We can compare the errors of each of these in a cross validation plot each kernel:
##
## Attaching package: 'dplyr'
## The following objects are masked from 'package:stats':
##
## filter, lag
## The following objects are masked from 'package:base':
##
## intersect, setdiff, setequal, union
We see that as stated above the best model was a radial kernel with a gamma of 0.1 and cost of 10. We will train this best model and then make a few different plots:
We see that we cannot provide an easily visible decision boundary using these variables, due to the high dimensional nature of the data.
This problem involves the OJ data set which is part of the ISLR2 package.
set.seed(123)
n <- nrow(OJ)
train_idx <- sample(1:n, size = 800)
# Create training and test sets
train <- OJ[train_idx, ]
test <- OJ[-train_idx, ]
svm_linear <- svm(Purchase ~ ., data = train, cost = 0.01)
summary(svm_linear)
##
## Call:
## svm(formula = Purchase ~ ., data = train, cost = 0.01)
##
##
## Parameters:
## SVM-Type: C-classification
## SVM-Kernel: radial
## cost: 0.01
##
## Number of Support Vectors: 629
##
## ( 313 316 )
##
##
## Number of Classes: 2
##
## Levels:
## CH MM
We see 313 support vectors in class CH, and 316 in class MM.
## Training Accuracy: 0.60875
## Test Accuracy: 0.6148148
set.seed(123)
tuning <- tune('svm', Purchase ~ ., data = train, kernel = 'linear', ranges = list(cost = seq(0.01, 0.1, by = 0.01)))
summary(tuning)
##
## Parameter tuning of 'svm':
##
## - sampling method: 10-fold cross validation
##
## - best parameters:
## cost
## 0.04
##
## - best performance: 0.17
##
## - Detailed performance results:
## cost error dispersion
## 1 0.01 0.17375 0.04910660
## 2 0.02 0.17250 0.04816061
## 3 0.03 0.17250 0.04887626
## 4 0.04 0.17000 0.04758034
## 5 0.05 0.17125 0.04678927
## 6 0.06 0.17125 0.04678927
## 7 0.07 0.17125 0.04678927
## 8 0.08 0.17250 0.04632314
## 9 0.09 0.17250 0.04669642
## 10 0.10 0.17500 0.04823265
We see the best model is at cost 0.03.
best_model <- tuning$best.model
## Training Accuracy: 0.60875
## Test Accuracy: 0.6148148
set.seed(123)
tuning_radial <- tune( 'svm', Purchase ~ ., data = train, kernel = 'radial', ranges = list(cost = seq(0.01, 0.1, by = 0.01)))
summary(tuning_radial)
##
## Parameter tuning of 'svm':
##
## - sampling method: 10-fold cross validation
##
## - best parameters:
## cost
## 0.1
##
## - best performance: 0.17625
##
## - Detailed performance results:
## cost error dispersion
## 1 0.01 0.39125 0.04411554
## 2 0.02 0.39125 0.04411554
## 3 0.03 0.38625 0.04466309
## 4 0.04 0.26375 0.06079622
## 5 0.05 0.22000 0.06851602
## 6 0.06 0.19500 0.06351946
## 7 0.07 0.18625 0.06108112
## 8 0.08 0.17750 0.06003471
## 9 0.09 0.17750 0.05945353
## 10 0.10 0.17625 0.06108112
Here we see the best model at cost 0.08, which we will continue with and calculate the accuracy for:
## Training Accuracy: 0.84
## Test Accuracy: 0.8037037
set.seed(123)
tuning_polynomial <- tune( 'svm', Purchase ~ ., data = train, kernel = 'polynomial', degree = 2, ranges = list(cost = seq(0.01, 0.1, by = 0.01)))

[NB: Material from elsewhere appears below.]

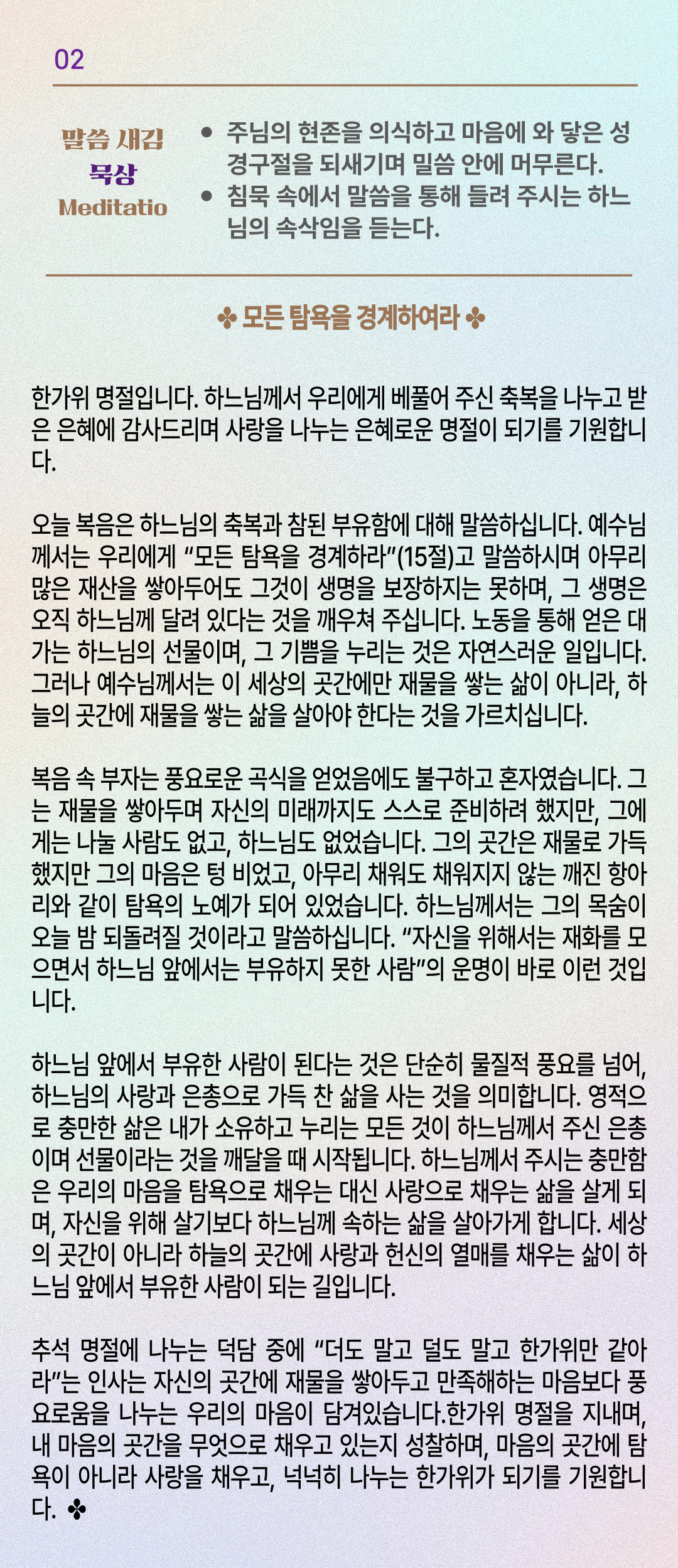 말씀묵상기도 LECTIO DIVINA [216] 20251006 한가위

summary(tuning_polynomial)
##
## Parameter tuning of 'svm':
##
## - sampling method: 10-fold cross validation
##
## - best parameters:
## cost
## 0.1
##
## - best performance: 0.31
##
## - Detailed performance results:
## cost error dispersion
## 1 0.01 0.39000 0.04281744
## 2 0.02 0.36250 0.04930066
## 3 0.03 0.35750 0.05210833
## 4 0.04 0.35375 0.05272110
## 5 0.05 0.33500 0.04816061
## 6 0.06 0.31875 0.05077524
## 7 0.07 0.31500 0.05296750
## 8 0.08 0.31375 0.05573063
## 9 0.09 0.31375 0.05573063
## 10 0.10 0.31000 0.05361903
Here we see the best model at cost 0.08, which we will continue with and calculate the accuracy for:
## Training Accuracy: 0.71125
## Test Accuracy: 0.6962963
We can compare the test accuracy for all the models:
## Linear Accuracy: 0.6148148
## Radial Accuracy: 0.8037037
## Polynomial Accuracy: 0.6962963
We see the best performing model to be SVM with a radial kernel, with an accuracy of 80.4%.